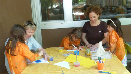 Die Kinder und Erzieherinnen
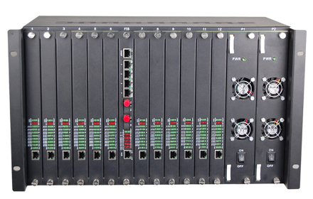 Ø The equipment is 6U high and 19 inch length include one fiber card(include SNMP) and 12 Pcs 30 FXO/FXS card.
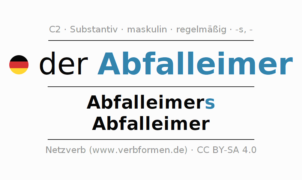 - Singular: der Abfalleimer, des Abfalleimers, dem Abfalleimer, den Abfalleimer

__TASK PROMPT__
Copy out all of the data word for word. Do not carry over any picture.

__SOLUTION BELOW__
 Die Kinder und Erzieherinnen
 Ø The equipment is 6U high and 19 inch length include one fiber card(include SNMP) and 12 Pcs 30 FXO/FXS card.
 - Singular: der Abfalleimer, des Abfalleimers, dem Abfalleimer, den Abfalleimer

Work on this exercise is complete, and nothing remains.